The first step is to create a Role which has permission to the Cloud Storage objects:

Search for Roles. This option is available under the IAM & Admin section
Once on the Roles screen, click + CREATE ROLE
Give the role a title (e.g. StorageFullAccess) and click + ADD PERMISSIONS
On the Add Permissions dialog which appears, under the Filter property name or value filter, enter storage.objects. This will list all permissions related to objects in storage.
The required permissions could be different based on your specific use case, but for the full functionality of this module to be leveraged, the following permisisons are required:
- storage.objects.create
- storage.objects.delete
- storage.objects.get
- storage.objects.list
- storage.objects.update
Click ADD on the dialog, and then click CREATE

A role has now been created. Next step is to create a Service Account to assign the role to.

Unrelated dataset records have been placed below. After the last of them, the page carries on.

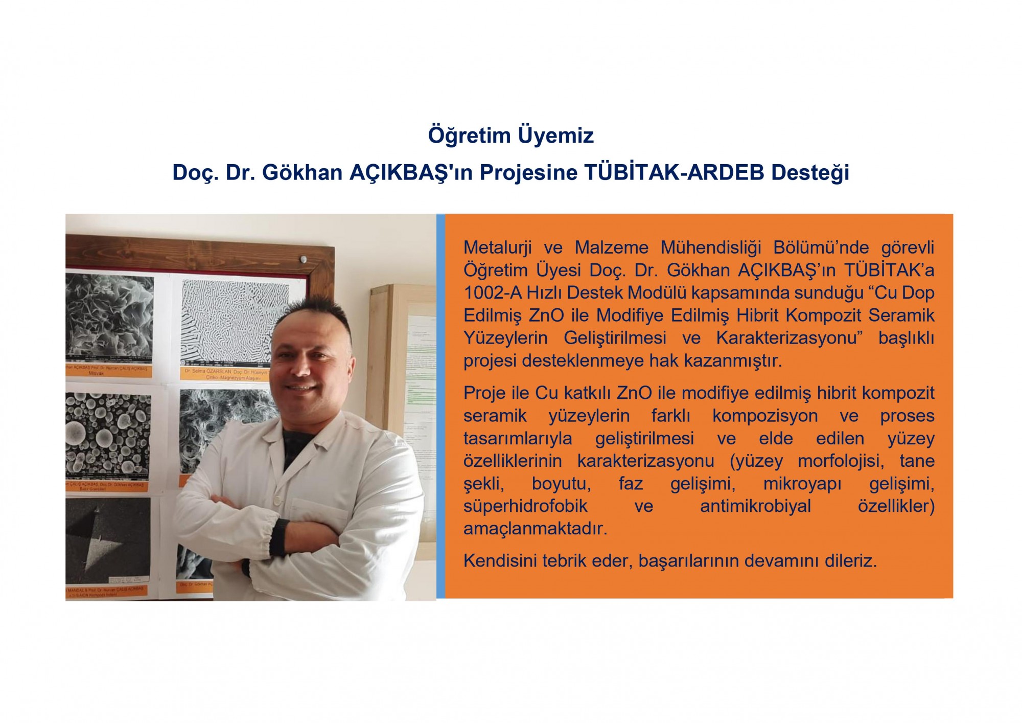 Öğretim Üyemiz Doç. Dr. Gökhan Açıkbaş'ın Projesine Tübitak-ardebdesteği...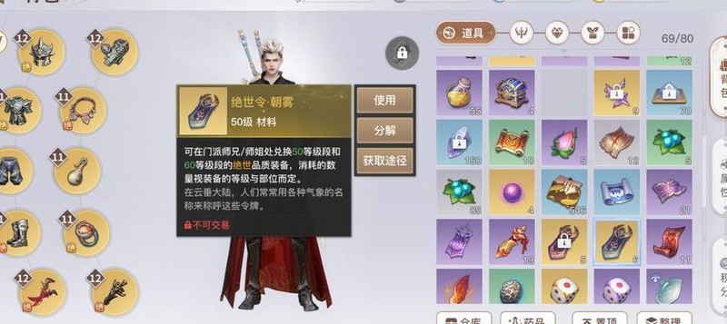 绝世令·朝雾建议暂不兑换50级绝世,可积攒资源直接换取60级绝世。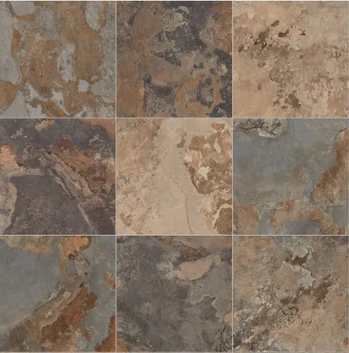 Available in stock in the 60×60 size. in two finishes natural, smooth to the touch with a slate-like surface and anti-slip, ideal for outdoors and high-traffic areas. Featuring 32 different tile faces for maximum variation.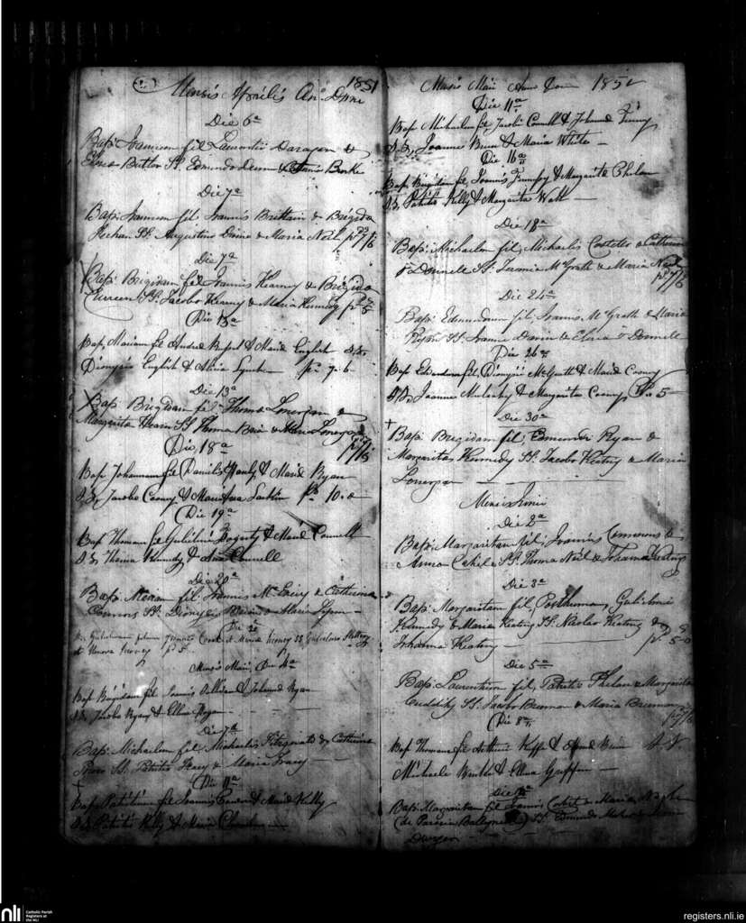 Powerstown; County of Tipperary; Diocese of Waterford and Lismore. Baptisms, Apr. 1851 to June 1851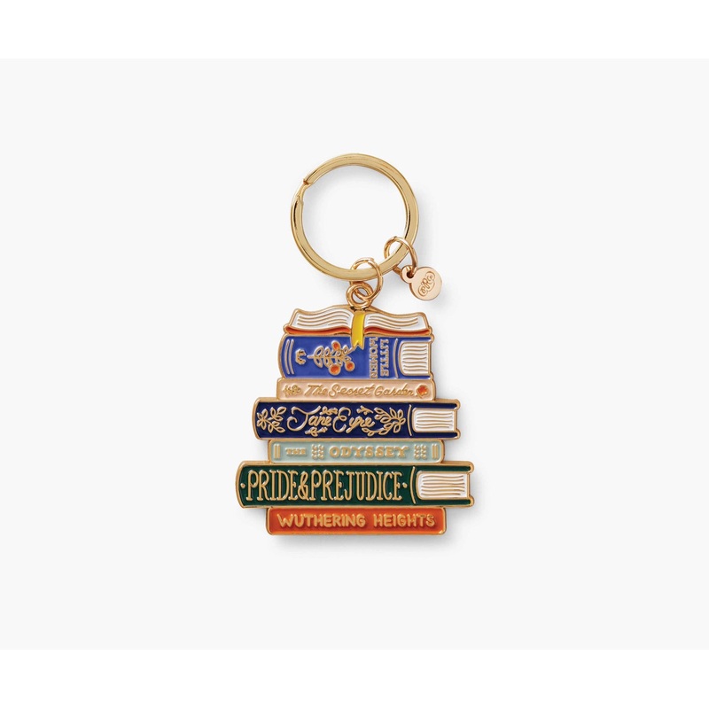 For the love of books. 2.4" L 1.75" WBrassPrinted in full color1" keyringPolished enamel with glossy finish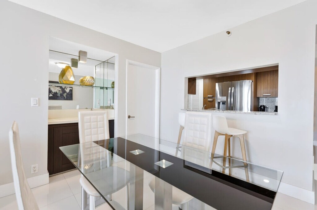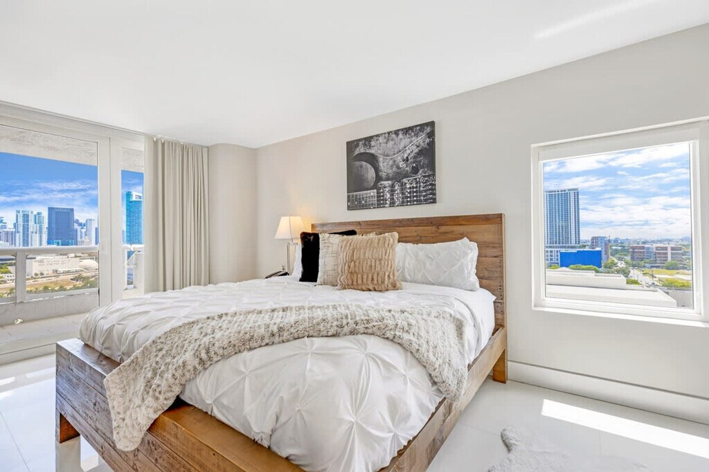 The advertised rate of $5,615/month is the lowest available price, based on a 1 month(s) stay with a move-in date of September 1, 2026. Rates vary depending on the duration of stay, season, and other parameters. For exact pricing and additional pricing components, please visit our website and enter your desired move-in and move-out dates. The rate is applicable when billed upfront; it can be higher if billed in multiple payments. Step into this 985 ft²/92 m² apartment and feel at home with stunning Biscayne Bay views and warm natural light. Located in The Grand, this centrally located apartment offers 1-bedroom and 1.5 bathrooms. This apartment features a private balcony, a dedicated workspace, and a fully equipped modern open-concept kitchen with sleek cabinetry and stainless steel appliances. Enjoy the convenience of an in-unit washer and dryer, streaming TV, and 400 Mbps Wi-Fi. Generous storage space and thoughtfully designed lounge and dining areas complete this apartment. Enjoy access to elevated amenities including a hot tub, pool, gym, sauna, on-site dining, luggage storage, and valet parking for a daily fee of $48. The valet parking garage enforces a height limit of 6'6", which accommodates most large SUVs but excludes trucks or vans. Vehicles like slingshots, motorcycles, and scooters/mopeds cannot be accommodated by the valet service, and no electric charging stations are available in the valet area. Located in Edgewater, this bayfront setting offers a residential atmosphere while remaining well connected to Miami’s key destinations and major venues. Wynwood is approximately 5–10 minutes away, known for street murals, creative spaces, restaurants, and bars. South Beach is approximately 15–20 minutes away, easily reached via the causeway, and known for its beaches, Art Deco architecture, and Ocean Drive. Miami Stadium is well connected from Edgewater via main roads and highways. Brickell City Centre is approximately 10–15 minutes away, a modern shopping and dining destination. Adrienne Arsht Center & Kaseya Center are approximately 5 minutes away, nearby venues hosting concerts, shows, and sporting events. The Design District is approximately 5–10 minutes away, home to luxury boutiques and acclaimed dining. Downtown Miami nightlife is approximately 5–10 minutes away, with a variety of bars, lounges, and entertainment spots. Building Management has strict occupancy rules of 2 adults only (16 years of age and older) plus 2 children. Smoking is only allowed on the balcony with all doors closed. If there is evidence of smoking indoors, a minimum $500 fine will be applied plus costs for odor removal and deep cleaning. Check-in time starts at 4 PM and late arrivals must be communicated immediately. Standard check-out time is 11 AM. Visitors are only permitted for reservations of 28 days or longer. For shorter stays, no visitors are allowed, and unregistered guests will result in immediate eviction without refund. The building is currently undergoing renovations that includes main lobby, pool and pool deck and other areas. Construction may cause moderate noise between 9 AM and 4 PM, Monday through Friday. The main lobby and front motor lobby are currently closed, though temporary pathways have been created for access. Residential elevators no longer stop at the main lobby, and service elevators must be used to reach the ground level. The residential pool is closed for repairs; however, the jacuzzi, pool deck, and solarium remain open. A full building application for residency may be required upon booking. Guests must be 21 years of age or older to make a reservation, in compliance with building regulations. After reserving the apartment, you are required to provide legible copies of government-issued IDs or passports for all adults aged 15 or older for building registration. Any missing remotes, streaming devices, or similar items will result in a charge of $100 per item. The Trash Room is located in the hallway near the elevator. Please place all recycling on the floor in front of the chute, and put bags with landfill waste down the trash chute. Trash must not be left in the hallway or outside the chute. Failure to comply may result in a $300 fine. The light-filled bedroom features a plush king-size bed and a dedicated workspace. [SI]
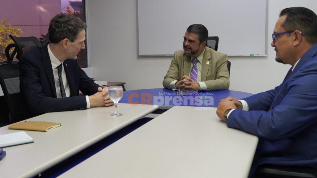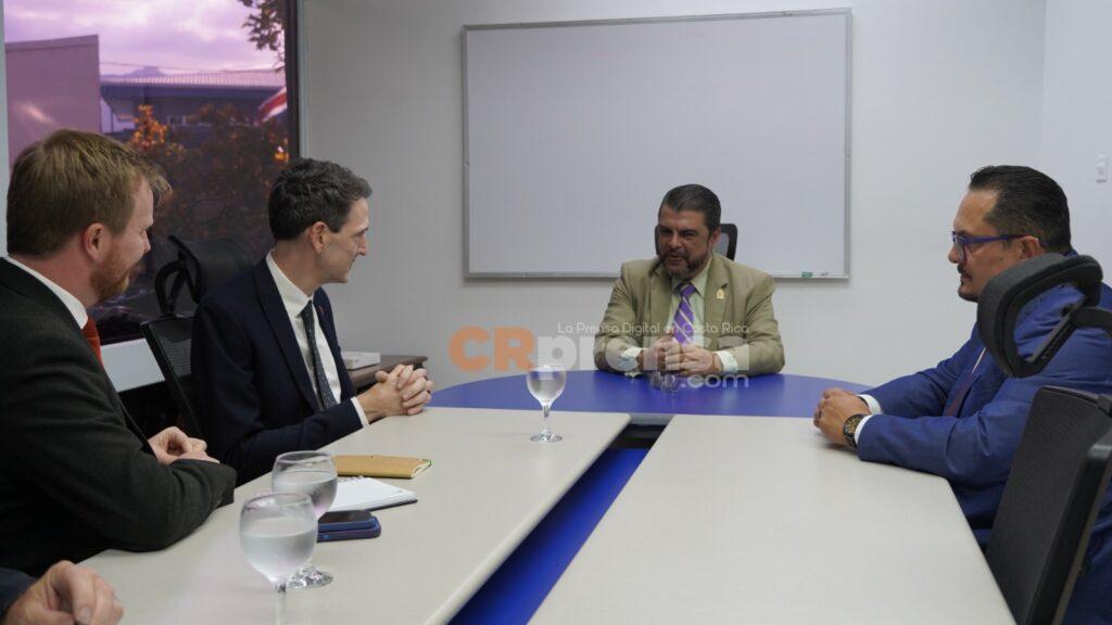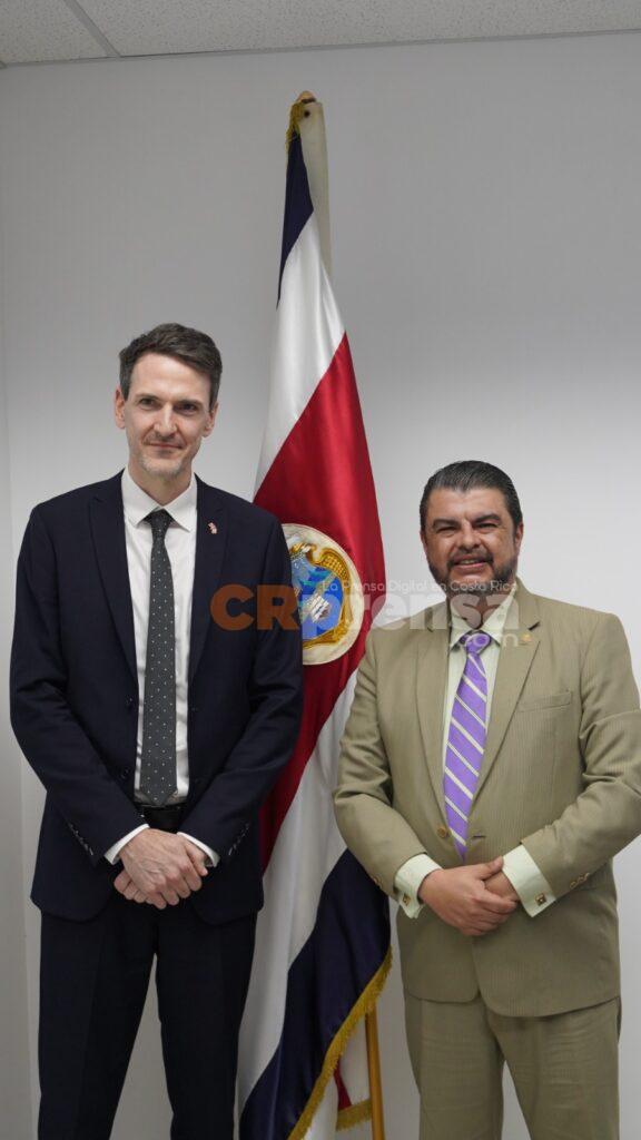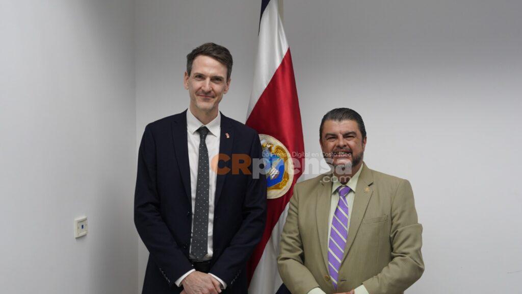 El ministro de Seguridad Pública, Mario Zamora, sostuvo una reunión con el nuevo embajador designado del Reino Unido en Costa Rica, Edward John Stevens, con el objetivo de fortalecer los lazos de cooperación bilateral en materia de seguridad.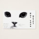 Um clássico olhar preto e branco de gato e traços faciais faz disso um cartão de visita. Apenas os olhos do gato são representados no verso com espaço para suas informações ou texto. Excelente para amantes de gatos e para os profissionais de animais. Também está disponível um cartão de visita correspondente.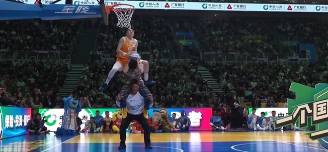 扣籃大賽最后一個亮相,劉禮嘉、外卡球員張鼎巖、余澤辰參加。第一個出場的是劉禮嘉,第一個扣籃拿到41分,第二個扣籃拿到41分,總分82分。第二個出場的是張鼎巖(外卡球員),他第一扣飛躍疊羅漢的兩人,用平筐反扣拿到50分;第二扣表演“蝎子擺尾”又拿50分。第三個出場的是俞澤辰,第一扣打側沿空接反扣拿到50分,第二扣空接轉體再拿50分,和張鼎巖進入加賽。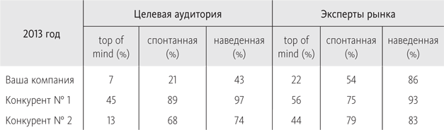 Приведем пример того, какие еще выводы можно сделать, сравнивая показатели узнаваемости в динамике относительно конкурентов. Ниже приведена таблица с условными данными, которую мы рекомендуем составлять вам не реже раза в год.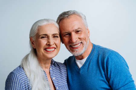 Minimal portrait of carefree senior couple embracing and looking at camera while standing against white background
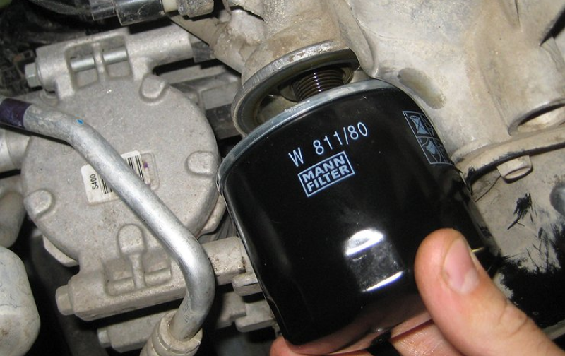 - Демонтаж старого фильтра. Фильтр аккуратно откручивается с использованием специального инструмента. Посадочное место очищается от остатков старого масла и загрязнений.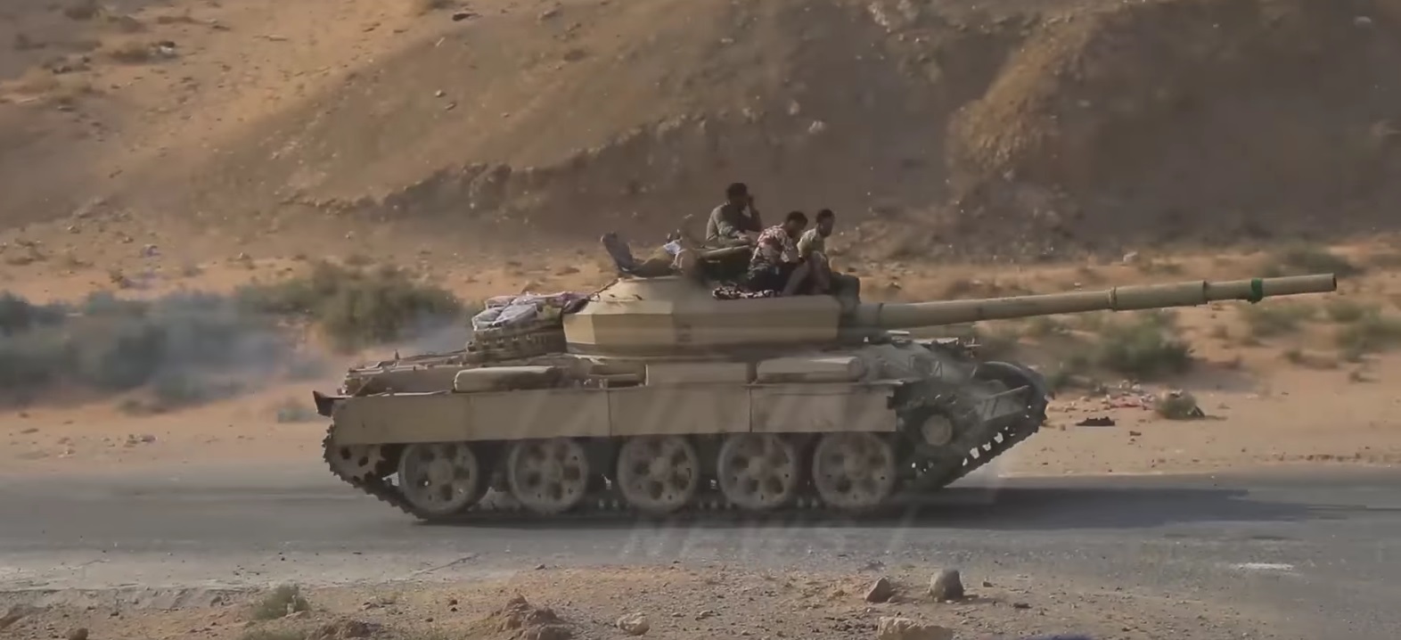 Лояльская милиция Сукур Бадия в Сухне с отжатым танком.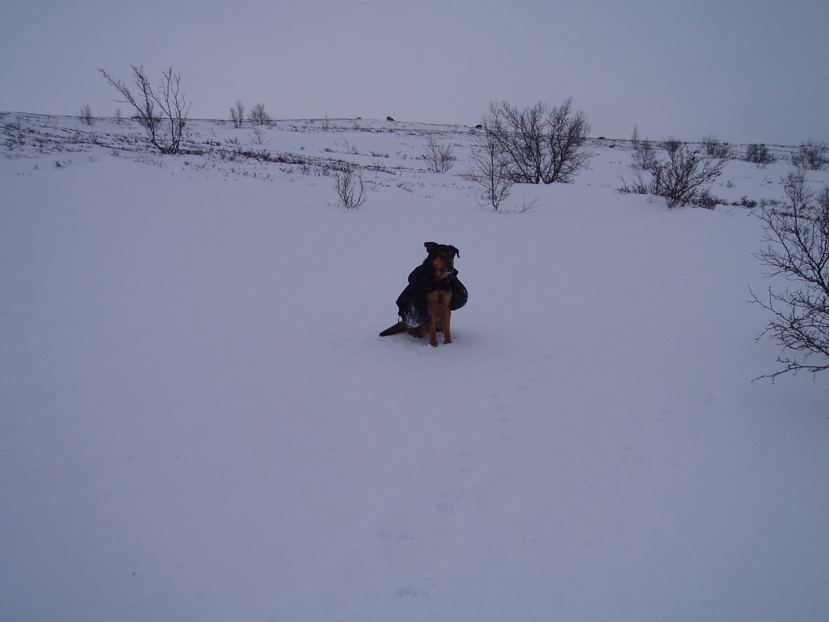 Værgudene var mot meg denne helga. to dager hadde E6 vært delvis stengt over Dovrefjell. Så "mørkt" ut for at det ble noe tur på meg, dama skulle komme til Trondheim med fly. Dessverre ble flyet kansellert. Måtte ta en "byovernatting" i Trondheim på Fredags kveld. På Lørdags formiddag, kjørte jeg alene opp på Dovrefjell. Selv om været ikke hadde vært det beste de siste dagene, var værgudene snille mot meg på Lørdag. Det var lavt skydekke, men god sikt og tilnærmet vindstille. Parkerte litt vest for Fokstugu, og gikk sørover mot Høgstgråhøin. Snøforholdene var varierende, i skoggrensa var snøen løs og over knehøyde. Da var det frem med trugene, etter at skoggrensa var passert var det lite snø. Tilnærmet bart, mye avblåst terreng. Enkelte parti med hardpakket snø, og isete. Brukte pulk og sekk på turen, pulken var med mest som "ballast". Glemte å ta med skistavene, oppdaget fort det i den første stigningen. Selv om bilen fortsatt var nær, lot jeg det være. Terrenget flatet fort ut innover mot Høgstgråhøin, da spilte ikke skistavene noen rolle. Jeg var litt sent ute på dagen, så gikk ikke så veldig langt før jeg slo leir. Teltplassen ble liggende midt mellom E6 og Høgstgråhøin. Selv jeg ikke kom så langt avsted, var jeg fornøyd over å ikke høre lyden av trafikken. Fant en fin bjørkeklynge, hvor jeg satte opp teltet. Vindstille og tynt skydekke på kvelden, skimtet så vidt stjernene. Temperaturen lå på ca -15. Sov mye bedre i soveposen enn jeg gjorde på hotellet natta før:-) Helga ble ikke akkurat som planlagt, men fikk likevel en fin liten tur. Vi gjør nytt forsøk senere en helg, når "Narve" har dratt sin vei.

Still under the IAM & Admin section:

Click Service Accounts (or search while in the GCP console)
Click + CREATE SERVICE ACCOUNT
Enter a Service Account Name (e.g. {ApplicationName}StorageAccount)
Click CREATE AND CONTINUE
From the Role dropdown, filter for and find the role create in the previous step
Click DONE
Once back to the Service Accounts List page, click on the newly created service account
Click KEYS and then ADD KEY => Create new key
Make sure JSON is selected and click CREATE
The JSON key file will be downloaded

Finally copy the JSON file from yours downloads folder to another folder of your choice, and make sure the CloudStorageAuthFileLocation setting in your applications appsettings.json is updated to the location of the key file:

"GCP": {
    "PreSignedUrlExpiry": "00:05:00",
    "CloudStorageAuthFileLocation": "C:\\gcpkeys\\my-project-183005-10ed20d64009.json"
  },

Now when using ICloudStorage the key file will be used to authenticate with Google Cloud Storage.

Ensure to create the necessary bucket(s) in Google Cloud Storage prior to performing any operations with them.